75. Views of Mr. Wills.-"Evidence of similitude of handwriting by the comparison of controverted writing with the admitted or proved writing of the party, made by a witness who has never seen the party write, nor has any knowledge of his handwriting, and who arrives at the inference that it is his handwriting because it is like some other which is so, is a mode of proof which has been much lauded by writers on the civil law, and is commonly admitted in those countries whose jurisprudence is founded on that system; the comparison being made by pro

fessional experts appointed by the court or agreed upon by the parties, under many restrictions for securing the genuineness of the writings which are to form the standard of comparison. Comparison of handwriting appears also to be a recognized mode of proof in some of the American states, whose judicial systems are generally founded on our own. Such evidence is in general inadmissible in this country, though the leaning of text-writers of authority appears to have been rather in favor of the principle of its admissibility; the only admitted exceptions are where the writing acknowledged to be genuine is already in evidence in the cause, or the disputed writing is in ancient writing.
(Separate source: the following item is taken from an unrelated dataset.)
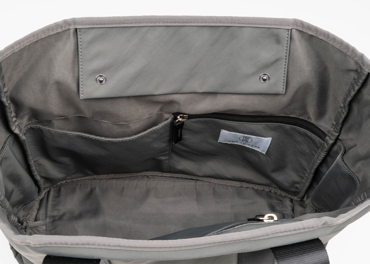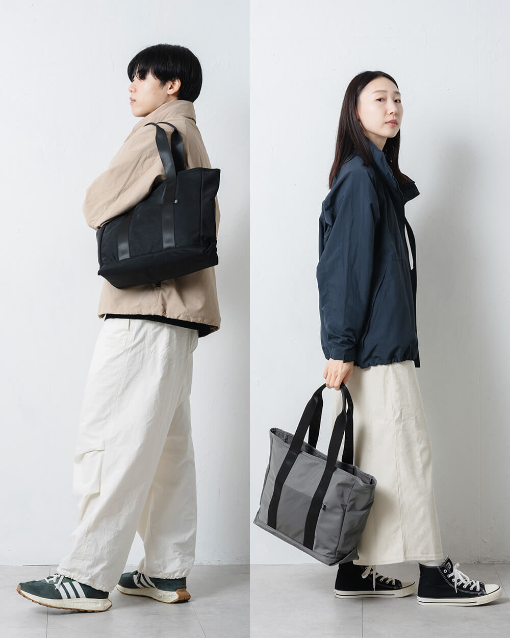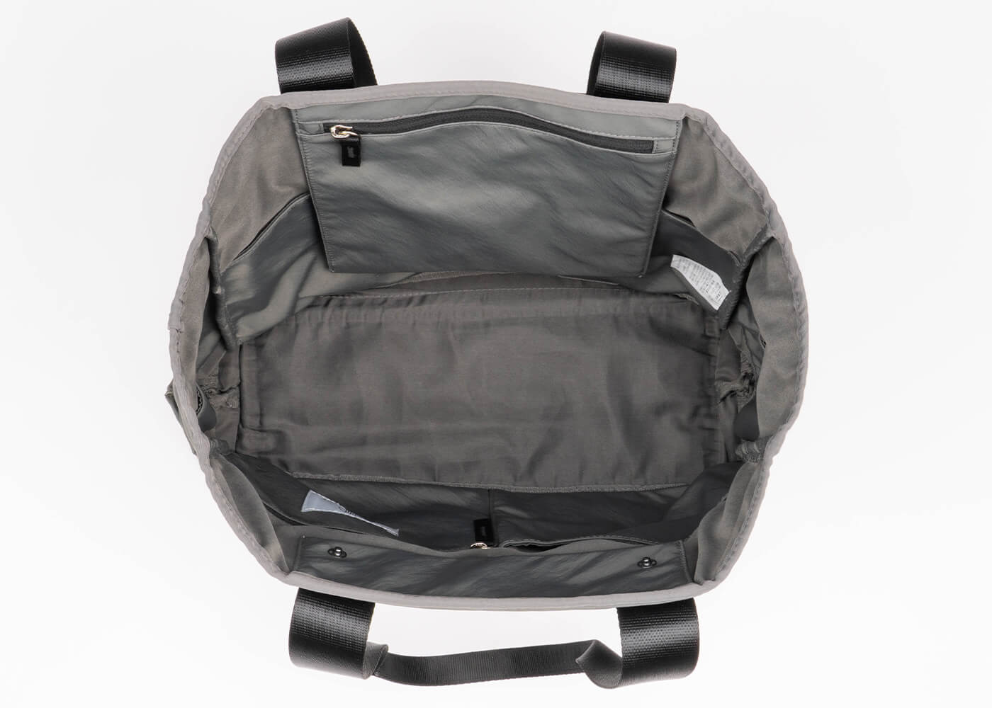 なめらかで心地よい肌触りのナイロン素材を使用したトートバッグ。
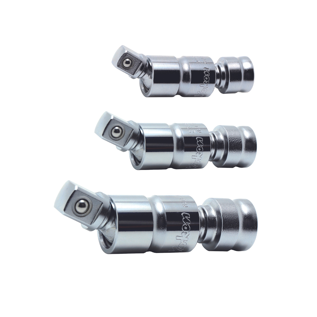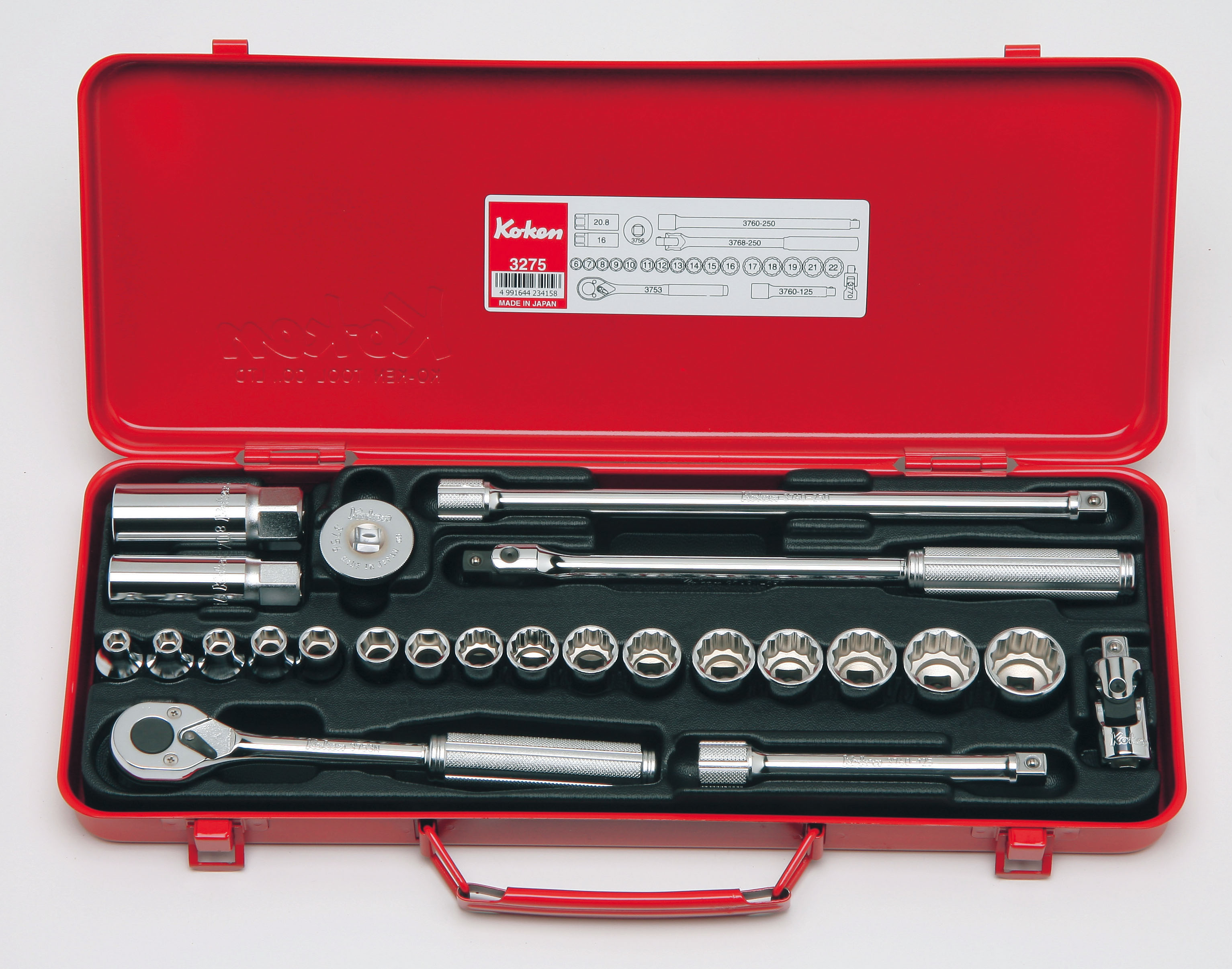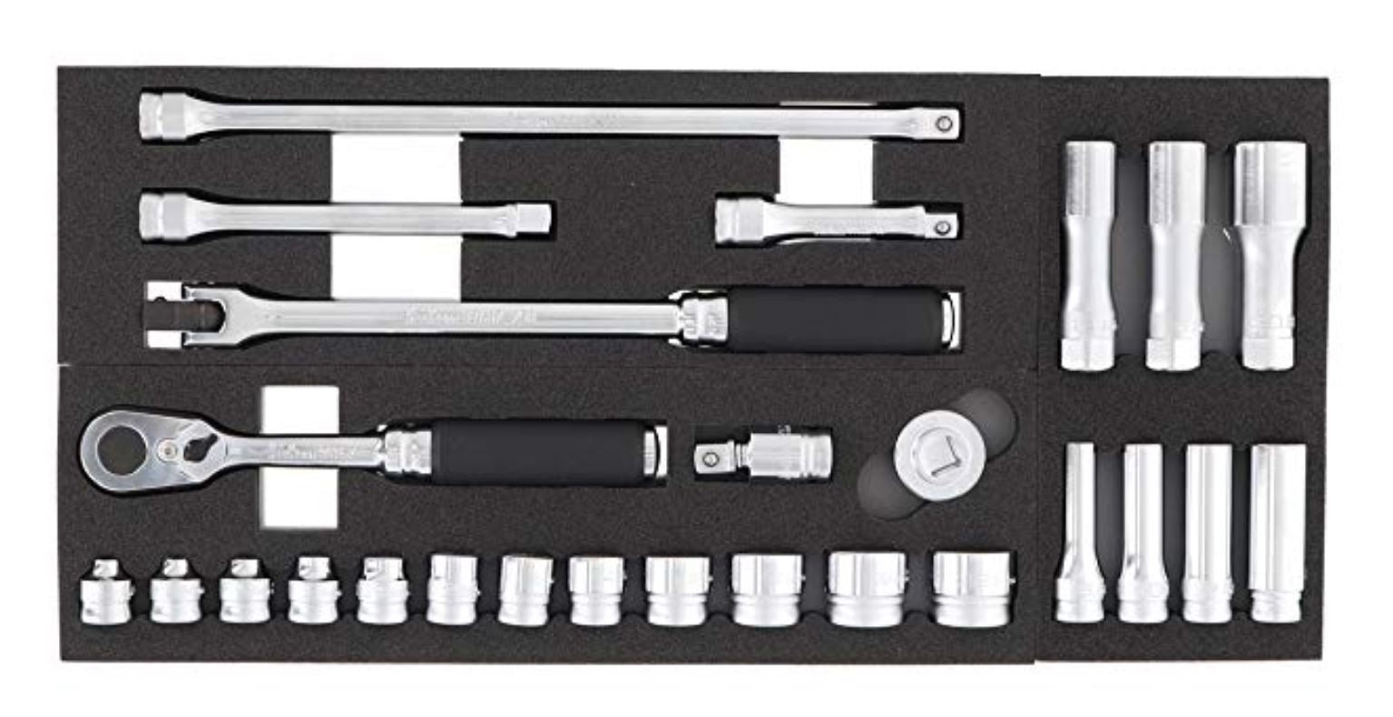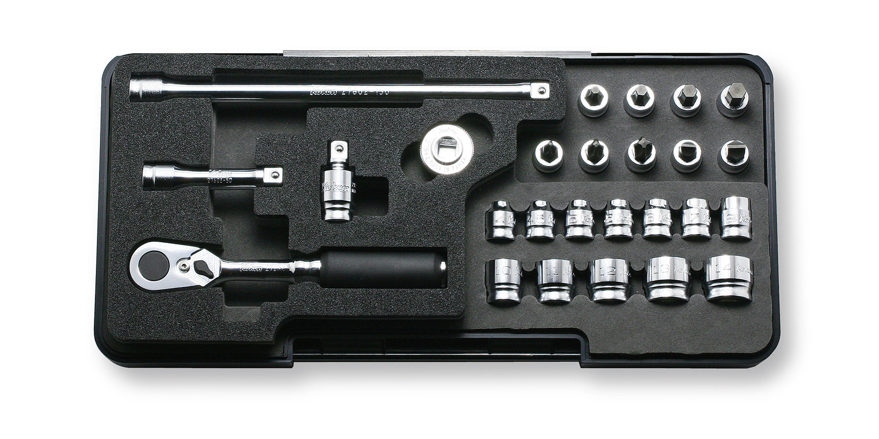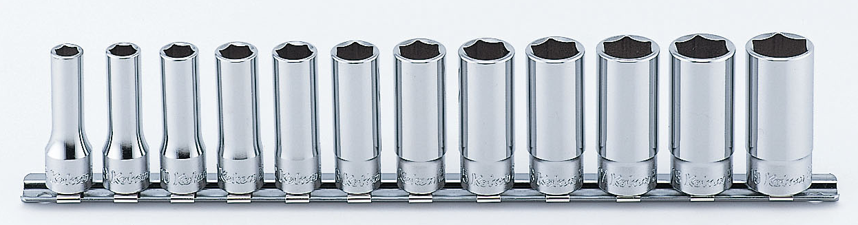 For those requiring a more extensive set, the Ko-ken 3286Z 3/8" Sq. Dr. 21-Piece Z-Series 6-Point Metric Socket Set is a high-quality, versatile toolset designed for precision and durability. It includes 3400MZ 6-point sockets in a comprehensive range of sizes (7, 8, 10, 11, 12, 13, 14, 15, 16, 17, 18, 19, 21, 22 mm), as well as 3760Z extension bars in lengths of 75, 125, and 250 mm to reach tight spaces. The set also features a 72-tooth flex-head ratchet for smooth operation, a universal joint for flexible access, and a quick spinner for fast manual adjustments. All these components are neatly organized in a durable and attractive metal case, making it a reliable choice for professionals and serious enthusiasts alike.

In these excepted cases, the evidence is admitted, it is said, of necessity, in the former case because it is not possible to prevent the jury from making such comparison, and therefore it is best, as was remarked by Lord Denman, for the court to enter with the jury into that inquiry, and do the best it can under circumstances which cannot be helped; in the latter, because from the lapse of time no living person can have any knowledge of the handwriting from his own observation, and because in ancient documents it often becomes a pure question of skill, the character of the handwriting varying with the age, and the discrimination of it being materially assisted by antiquarian researches." Wills, Circ. Ev. pp. 132-134.

For further review of this subject see 1 Rice, Civil Evidence, chap. 9.